我想显示四个长度不同的方程。我希望它们像这样左对齐。
但是我的代码给出了这个
以下是我的代码:
$$\begin{aligned} p(a) &=p(a) p(a \rightarrow a)+p(b) p(b \rightarrow a)+p(c) p(c \rightarrow a)+p(d) p(d \rightarrow a) \\
&={\scriptstyle \frac{1}{2} \frac{2}{3}+\frac{1}{4} \frac{1}{3}+\frac{1}{3}+\frac{1}{3}=\frac{1}{2}}
\end{aligned}$$
$$\begin{aligned} p(b) &=p(a) p(a \rightarrow b)+p(b) p(b \rightarrow b)+p(c) p(c \rightarrow b) \\
&={\scriptstyle\frac{1}{2} \frac{1}{6}+\frac{1}{4} \frac{1}{2}+\frac{1}{3} \frac{1}{3}=\frac{1}{4}} \end{aligned}$$
$$\begin{aligned} p(c) &=p(a) p(a \rightarrow c)+p(b) p(b \rightarrow c)+p(c) p(c \rightarrow c)+p(d) p(d \rightarrow c) \\
&={\scriptstyle\frac{1}{2} \frac{1}{12}+\frac{1}{4} \frac{1}{6}+\frac{1}{8} 0+\frac{1}{8}=\frac{1}{8}} \end{aligned}$$
$$\begin{aligned} p(d) &=p(a) p(a \rightarrow d)+p(c) p(c \rightarrow d)+p(d) p(d \rightarrow d) \\
&={\scriptstyle\frac{1}{2} \frac{1}{12}+\frac{1}{8} \frac{1}{3}+\frac{1}{8} \frac{1}{3}=\frac{1}{3}} \end{aligned}$$
谁能告诉我我该做什么?
答案1
这是一个建议
\documentclass{article}
\usepackage{amsmath}
\begin{document}
\begin{align*}
p(a)&=p(a) p(a \rightarrow a)+p(b) p(b \rightarrow a)+p(c) p(c \rightarrow a)+p(d) p(d \rightarrow a)\\
&\;={\scriptstyle \frac{1}{2} \frac{2}{3}+\frac{1}{4} \frac{1}{3}+\frac{1}{3}+\frac{1}{3}=\frac{1}{2}}\\
p(b)&=p(a) p(a \rightarrow b)+p(b) p(b \rightarrow b)+p(c) p(c \rightarrow b)\\
&\;={\scriptstyle\frac{1}{2} \frac{1}{6}+\frac{1}{4} \frac{1}{2}+\frac{1}{3} \frac{1}{3}=\frac{1}{4}}\\
p(c)&=p(a) p(a \rightarrow c)+p(b) p(b \rightarrow c)+p(c) p(c \rightarrow c)+p(d) p(d \rightarrow c)\\
&\;={\scriptstyle\frac{1}{2} \frac{1}{12}+\frac{1}{4} \frac{1}{6}+\frac{1}{8} 0+\frac{1}{8}=\frac{1}{8}}\\
p(d)&=p(a) p(a \rightarrow d)+p(c) p(c \rightarrow d)+p(d) p(d \rightarrow d)\\
&\;={\scriptstyle\frac{1}{2} \frac{1}{12}+\frac{1}{8} \frac{1}{3}+\frac{1}{8} \frac{1}{3}=\frac{1}{3}}
\end{align*}
\end{document}
为什么要用\scriptstyle?分数读起来太难了!改用\tfrac吧!
您应该删除\;行&\;={\scriptstyle...以对齐=s。

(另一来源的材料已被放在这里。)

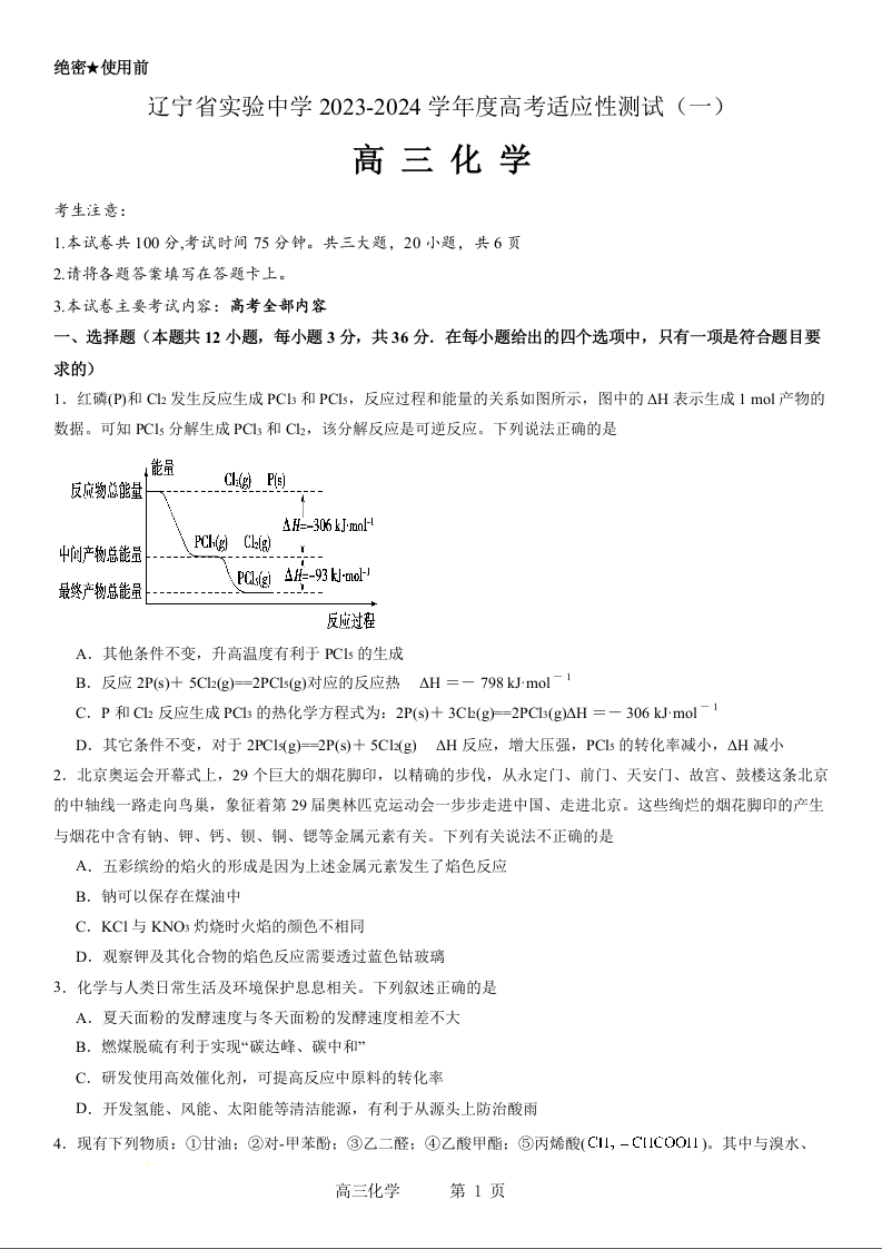 辽宁省实验中学2023-2024学年高三上学期高考适应性测试(一)化学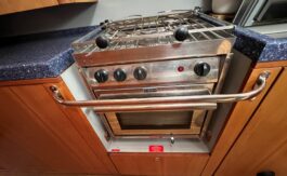 Fully gimballed gas cooker with three burners, grill and oven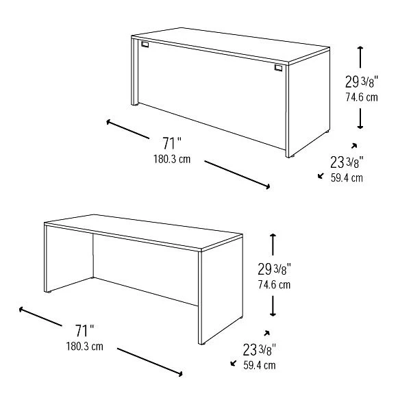 Overall Dimensions:Â 71 W X 23 3/8 D X 29 3/8 H
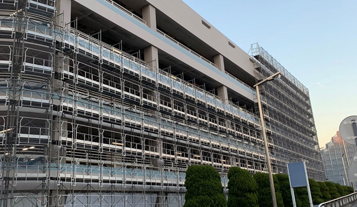 弊社ではマンション、ビル、商業施設などの比較的大規模な工事を中心に改修足場の施工を行っております。既に出来上がっている構造物に足場を組んでいく作業のため、建物を傷つけないよう、改修足場用のメッシュシートを使用して細心の注意を払いながら、作業を行います。また、建築現場はさまざまな業者様や、関係者の方が利用する場でもあり、安全で快適な作業現場をいかに構築するかということがとても重要になってきます。安全第一の基本理念を基に、現場での作業が少しでも円滑に行えるよう、施工現場に応じた最適な足場をご提供いたします。

我更喜欢这种方式。
我强烈推荐这个
\documentclass{article}
\usepackage{amsmath}
\begin{document}
\begin{align*}
p(a)&=p(a) p(a \rightarrow a)+p(b) p(b \rightarrow a)+p(c) p(c \rightarrow a)+p(d) p(d \rightarrow a)\\
&=\tfrac{1}{2} \tfrac{2}{3}+\tfrac{1}{4} \tfrac{1}{3}+\tfrac{1}{3}+\tfrac{1}{3}=\tfrac{1}{2}\\
p(b)&=p(a) p(a \rightarrow b)+p(b) p(b \rightarrow b)+p(c) p(c \rightarrow b)\\
&=\tfrac{1}{2} \tfrac{1}{6}+\tfrac{1}{4} \tfrac{1}{2}+\tfrac{1}{3} \tfrac{1}{3}=\tfrac{1}{4}\\
p(c)&=p(a) p(a \rightarrow c)+p(b) p(b \rightarrow c)+p(c) p(c \rightarrow c)+p(d) p(d \rightarrow c)\\
&=\tfrac{1}{2} \tfrac{1}{12}+\tfrac{1}{4} \tfrac{1}{6}+\tfrac{1}{8} 0+\tfrac{1}{8}=\tfrac{1}{8}\\
p(d)&=p(a) p(a \rightarrow d)+p(c) p(c \rightarrow d)+p(d) p(d \rightarrow d)\\
&=\tfrac{1}{2} \tfrac{1}{12}+\tfrac{1}{8} \tfrac{1}{3}+\tfrac{1}{8} \tfrac{1}{3}=\tfrac{1}{3}
\end{align*}
\end{document}
答案2
我建议这种布局,使用环境fleqn,并且在我看来,中等大小的分数看起来最好,我还使用\medmath和\mfrac命令,每个来自nccmath:
\documentclass{article}
\usepackage{amsmath, nccmath}
\begin{document}
\begin{fleqn}
\begin{align*}
p(a)&=p(a) p(a \rightarrow a)+p(b) p(b \rightarrow a)+p(c) p(c \rightarrow a)+p(d) p(d \rightarrow a)\\
&\quad= \medmath{\frac{1}{2}\cdot \frac{2}{3}+\frac{1}{4}\cdot \frac{1}{3}+\frac{1}{3}+\frac{1}{3}}=\mfrac{1}{2} \\[1ex]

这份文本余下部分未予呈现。